> _What you need to do_
Copy the data exactly. Images are to be left out.

> _Recorded data_
● ● ● ● ●
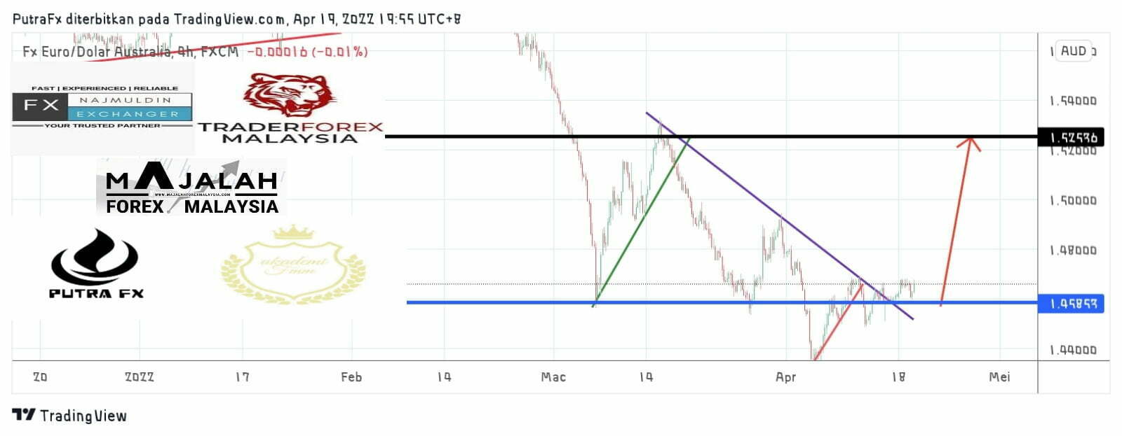 EurAud di TimeFrame H4. • Harga asal nya dalam kedudukan Downtrend. •…
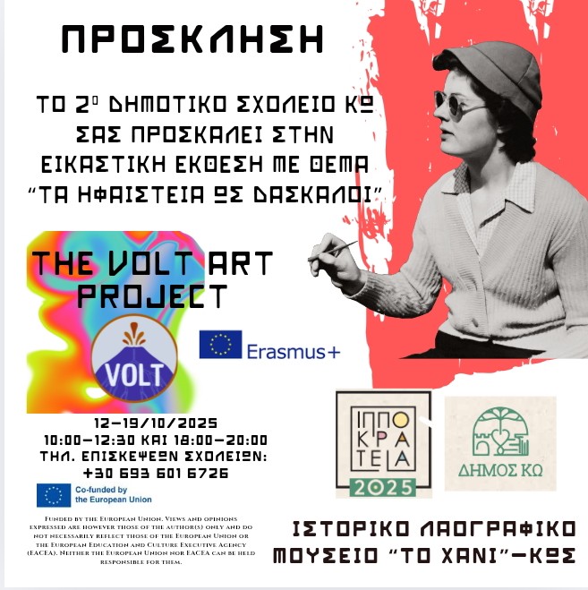 Εικαστική έκθεση ” The Volt Art Project” : Εγκαίνια Κυριακή 12 Οκτωβρίου Στο πλαίσιο των θερινών πολιτιστικών εκδηλώσεων «Ιπποκράτεια 2025» το Τμήμα Πολιτισμού Δήμου Κω σας ενημερώνει για τις προσεχείς εκδηλώσεις: από ΚΥΡΙΑΚΗ 12/10/25 & έως ΚΥΡΙΑΚΗ 19/10/25 ΕΙΚΑΣΤΙΚΗ ΕΚΘΕΣΗ “THE VOLT ART PROJECT” σε συνεργασία με το 2ο ΔΗΜΟΤΙΚΟ ΣΧΟΛΕΙΟ ΚΩ ΙΣΤΟΡΙΚΟ & […]
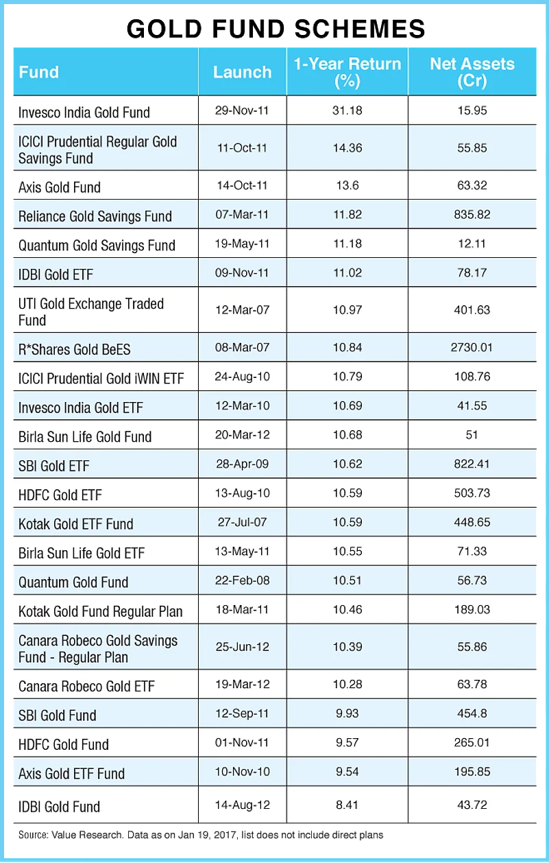 These funds can easily be bought and sold and there would be no problems in liquidating your gold investments. Customarily, in India, investments in gold are in the form of jewellery and you face a significant loss of value as a lot of your purchase price goes towards design and making charges. With gold funds there are no losses in terms of design and making charges and to top it all you will not have to worry over the safekeeping of physical gold.
● ● ● ● ●
> _Output for this exercise_
 EurAud di TimeFrame H4. • Harga asal nya dalam kedudukan Downtrend. •…
 Εικαστική έκθεση ” The Volt Art Project” : Εγκαίνια Κυριακή 12 Οκτωβρίου Στο πλαίσιο των θερινών πολιτιστικών εκδηλώσεων «Ιπποκράτεια 2025» το Τμήμα Πολιτισμού Δήμου Κω σας ενημερώνει για τις προσεχείς εκδηλώσεις: από ΚΥΡΙΑΚΗ 12/10/25 & έως ΚΥΡΙΑΚΗ 19/10/25 ΕΙΚΑΣΤΙΚΗ ΕΚΘΕΣΗ “THE VOLT ART PROJECT” σε συνεργασία με το 2ο ΔΗΜΟΤΙΚΟ ΣΧΟΛΕΙΟ ΚΩ ΙΣΤΟΡΙΚΟ & […]
 These funds can easily be bought and sold and there would be no problems in liquidating your gold investments. Customarily, in India, investments in gold are in the form of jewellery and you face a significant loss of value as a lot of your purchase price goes towards design and making charges. With gold funds there are no losses in terms of design and making charges and to top it all you will not have to worry over the safekeeping of physical gold.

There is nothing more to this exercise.